The camera equipped with HDR+ (High Dynamic Range Plus) technology plays a direct role in this performance: it provides a clear and uniform image from a single capture of moving parts. It differs from standard HDR technology, which requires capturing multiple images to achieve the same level of accuracy. By enabling simultaneous processing of a large volume of vials and ampoules, these ViDi Deep Learning-based vision solutions contribute to a reproducible counting method.
AEROSPACE
The fight against counterfeit products concerns numerous industries, including the aerospace sector. To ensure precise traceability of parts throughout the manufacturing chain, DPM (Direct Part Mark) characters are placed on machined metal parts. However, because they are made from the same material as the part, these characters are difficult to distinguish from the substrate onto which they are etched. This low level of contrast makes reading through conventional industrial vision very challenging. Hence, Cira proposes integrating ViDi Deep Learning solutions combined with OCR (Optical Character Recognition) technology, which have no issue reading raised codes.
AUTOMOTIVE
On automotive assembly lines, there are often multiple ranges and models of engines that vary in size and composition. The engine constitutes a complex background that makes component identification challenging. Moreover, customization is increasingly common and amplifies the variations in appearance among different engines. When these variations are significant, programming conventional industrial vision systems becomes challenging. ViDi Deep Learning-based vision solutions are trained on all possible types of engines and assemblies. The classification tool manages to identify each component, regardless of the angle at which it is presented. These solutions easily adapt to any potential design changes.

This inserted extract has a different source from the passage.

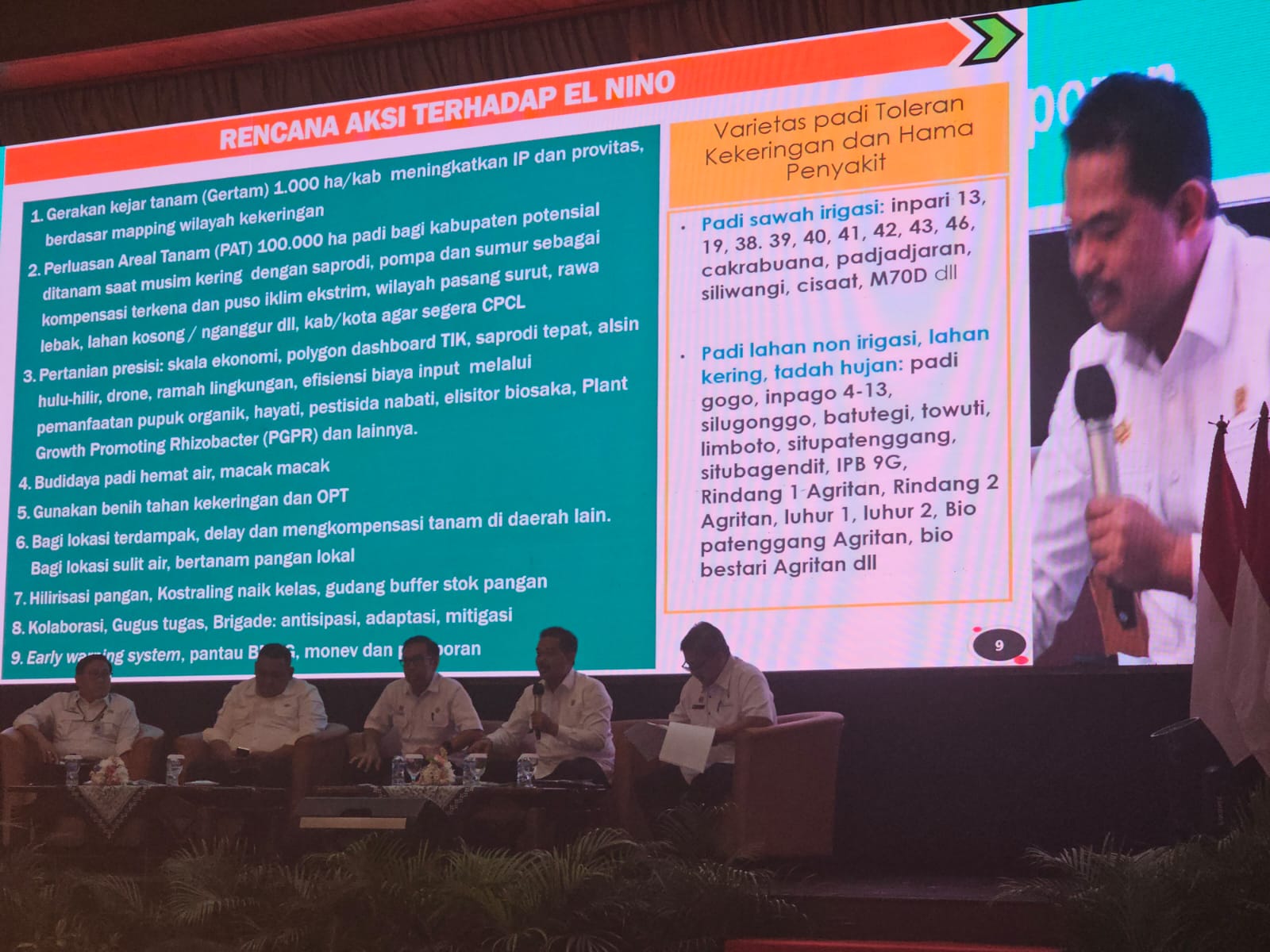 “Menghadapi musim kering ekstrim atau El-Nino, saya minta jajaran Kementan berada di lapangan membantu para petani yang kesulitan. Kemudian saya juga meminta persiapan dari semua daerah di seluruh Indonesia,” ujar Suwandi.

Detection of defects on reflective metal surfaces
Detecting defects on compression segments is challenging due to the reflective surface of pistons. Inspection systems must distinguish between acceptable variations (rust, small cracks) and severe defects that directly impact compression levels (long scratches). The complexity of this inspection, with reflective surfaces and variations in defect appearance, makes programming classical industrial vision systems lengthy and tedious. On the other hand, Deep Learning ViDi detection tools quickly learn to identify only unacceptable defects on pistons, ignoring insignificant variations.